▶ _Work to be completed_
Starting at the line that contains "E que luego", retype each line to the end of the listing below. Include both ends, but not the pictures.

▶ _Stored data_
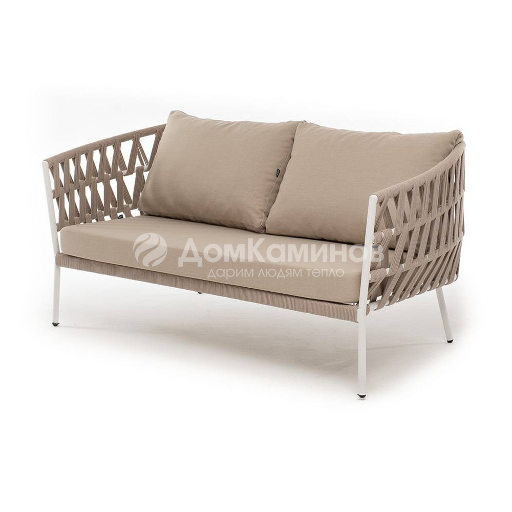 Диван 4SIS Диего 2-местный из роупа, каркас белый муар, роуп бежевый, ткань бежевая 035
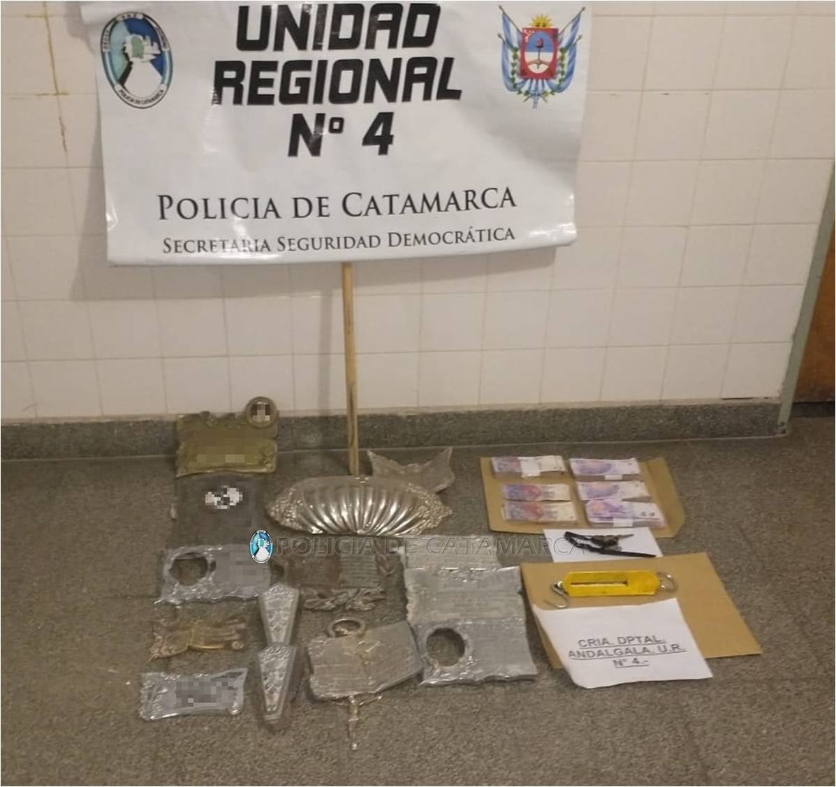 E que luego de inspeccionar el rodado, los policías encontraron 15 placas de bronce, que habrían sido sustraídas del cementerio local, y que quedaron en calidad de secuestro, al igual que la suma de 43.320 pesos en efectivo, una balanza metálica y el vehículo en el que circulaban.
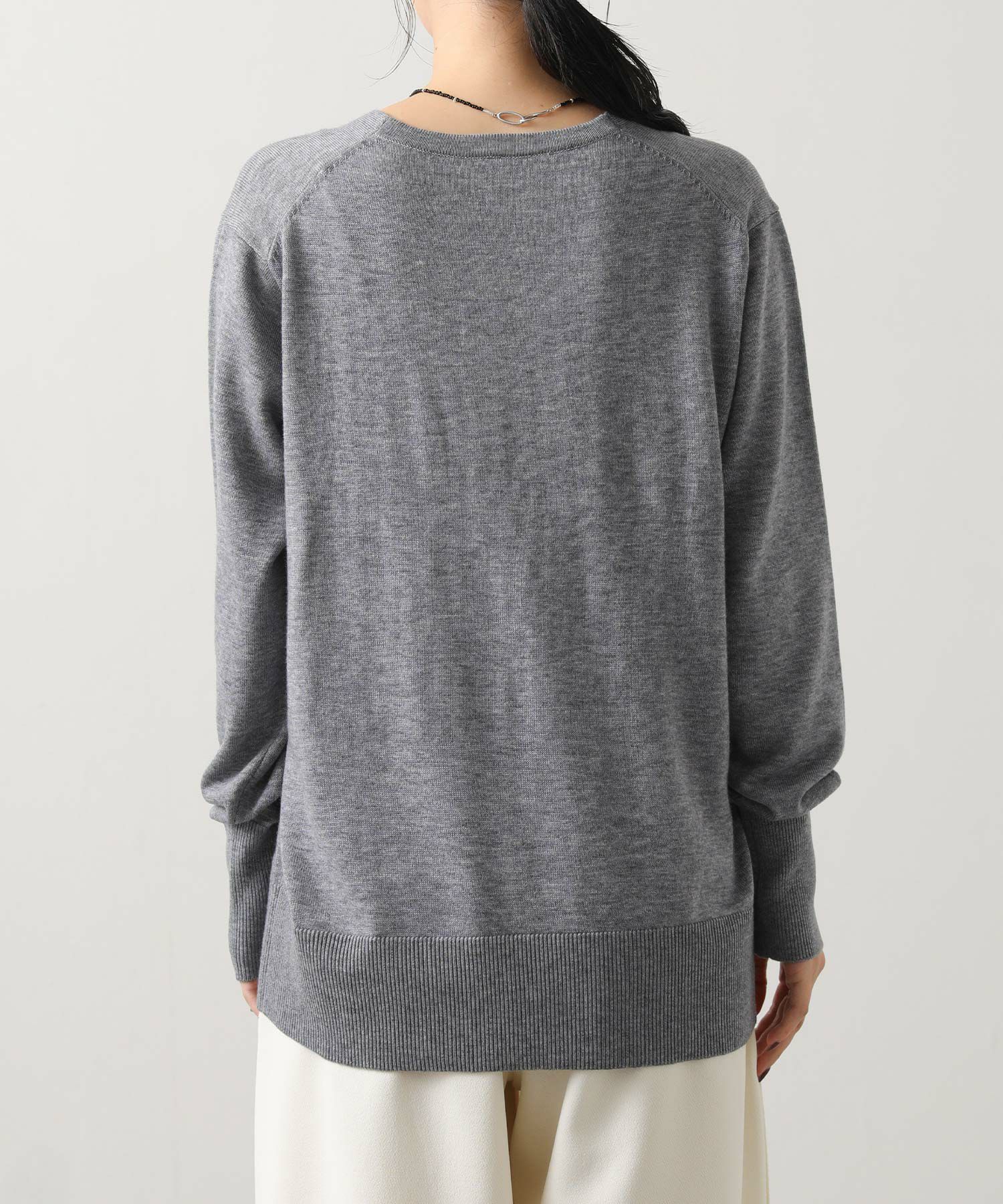 デコルテを美しく魅せるVネックの首元もポイント。

▶ _Answer_
 E que luego de inspeccionar el rodado, los policías encontraron 15 placas de bronce, que habrían sido sustraídas del cementerio local, y que quedaron en calidad de secuestro, al igual que la suma de 43.320 pesos en efectivo, una balanza metálica y el vehículo en el que circulaban.
 デコルテを美しく魅せるVネックの首元もポイント。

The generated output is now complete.